The podcast "Under the lake of Grand-Lieu, the legends" invites you to a guided tour of a natural and supernatural site

Water flows, splits and sings its song, geese, cranes, cicadas and other birds too

The podcast "Under the lake of Grand-Lieu, the legends" invites you to a guided tour of a natural and supernatural site

Water flows, splits and sings its song, geese, cranes, cicadas and other birds too. Throughout this listening, we walk on the edge of this misty and hidden water mirror. Grand-Lieu lake, south-west of Nantes (Loire-Atlantique), is home to more than 270 species of birds – the second ornithological reserve in France after the Camargue – and it was classified as a national nature reserve in 1980, with nearly of 800 animal and plant species. Swimming, fishing and all water activities are prohibited.

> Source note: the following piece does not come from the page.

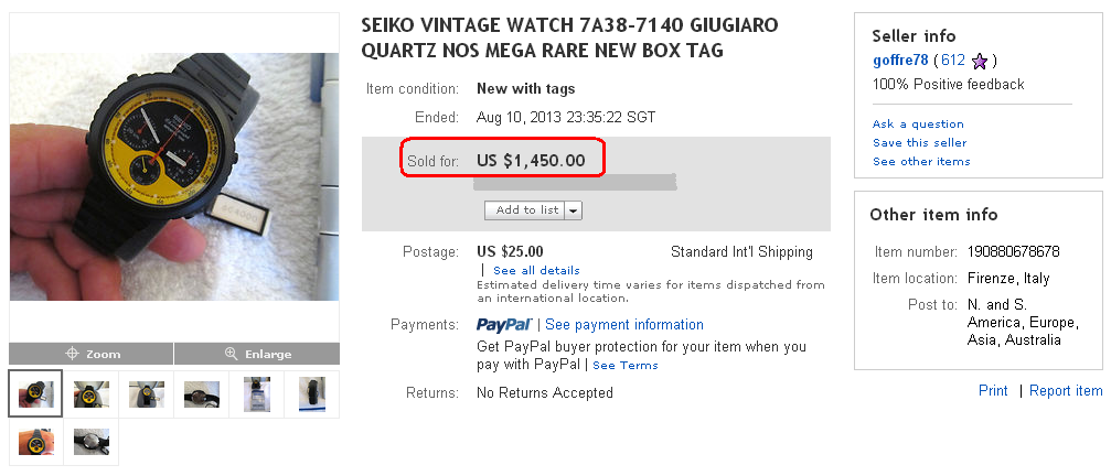 SPLENDIDO SEIKO CHRONOGRAPH SPORTS 100 NUOVO FONDO DI MAGAZZINO. FANTASTICO! SPETTACOLARE QUADRANTE BICOLORE GIALLO E NERO CON LANCETTE CRONOGRAFICHE IN COLORE ROSSO. LA CASSA, HA UN DIAMETRO DI BEN 41 MM ESCLUSO PULSANTI E CORONA. IL FONDELLO, AVVITATO, RIPORTA OLTRE AL LOGO DELLA MAISON LA REFERNZA DELL'OROLOGIO 7A38-7140 E LA MATRICOLA 580088 IL MOVIMENTO AL QUARZO E' IL CAL. 7A38 PROVVISTO DI DATA E GIORNO. BRACCIALE IN ACCIAIO VERNICIATO PVD. VETRO ZAFFIRO. COMPLETA QUESTO BELLISSIMO OROLOGIO IL SUO ASTUCCIO CON SCATOLA DI PROTEZIONE E LA GARANZIA ANCORA IN BIANCO. UN RARO OROLOGIO DAL DESIGN ACCATTIVANTE, FRUTTO DELLA FELICE COLLABORAZIONE TRA SEIKO E IL FAMOSO DESIGNER GIORGETTO GIUGIARO. SONO A VOSTRA DISPOSIZIONE PER QUALSIASI ULTERIORE CHIARIMENTO O FOTO. NON ESITATE A CONTATTARMI. BUONA ASTA! The eBay auction ended on 8th August 2011, with the watch theoretically selling for 253 Euros after 13 bids. However, it seems that the seller did not honour the sale, and less than two weeks later, it re-appeared on eBay Italy classifieds .... But now with an asking price of 380 Euros. That advert has long since disappeared: But the post on Orologi & Passioni (by the disgruntled winning bidder) still remains for all to see: http://orologi.forumfree.it/?t=56761653&st=30#entry467542725

This wild lake area is also the receptacle of all kinds of legends. The podcast produced by Aurélien Frances precisely mixes history with geography to immerse us in the enigmatic atmosphere of an era rooted in beliefs. Gilles Perraudeau, writer, storyteller and author, and Dominique Pierrelée, historian, give us the guided tour. Recounting their knowledge in turn, the two speakers complement each other to mix historical and fabulous facts.

Tool of Satan

The birds, which are heard throughout listening to the podcast, are at the dawn of all the myths and mysteries of this great magical place. Their song launched the construction of a terrifying imagination. "Wouldn't those noises be souls in pain?" “, once said the population, thinking of purgatory, where the deceased awaited prayers and masses to be able to enter paradise. Purgatory was invented by the clergy in the Middle Ages to have masses said and to sustain the Church, recalls Gilles Perraudeau, who is ironic in passing about those who are in hell: “They are there and they remain there. Nothing can be done for them. »

The spread of Christianity will give birth to other legends, says Dominique Pierrelée. That of the Mallet horse, a "fabulous and evil" white horse, and especially that of the engulfment of the city of Herbauges, where the worst pagan debauchery would have taken place in the 4th century, which relates "the disappearance of a world" , that of paganism, during the first evangelization of the country of Retz, led by Saint Martin, from Vertou to Herbauges.

The horse Mallet, Satan's instrument, appeared at nightfall, saddled and bridled, to "persuade exhausted travelers to mount on its back... And, as soon as it was done, the animal galloped off like a raging hurricane", says Gilles Perraudeau . To escape death, the victims had to perform the signs of the cross, throw coins bearing the sign of the cross... But the most effective was to be in possession of a medal of Saint Benedict, called "sorcerers' cross to control the evil horse.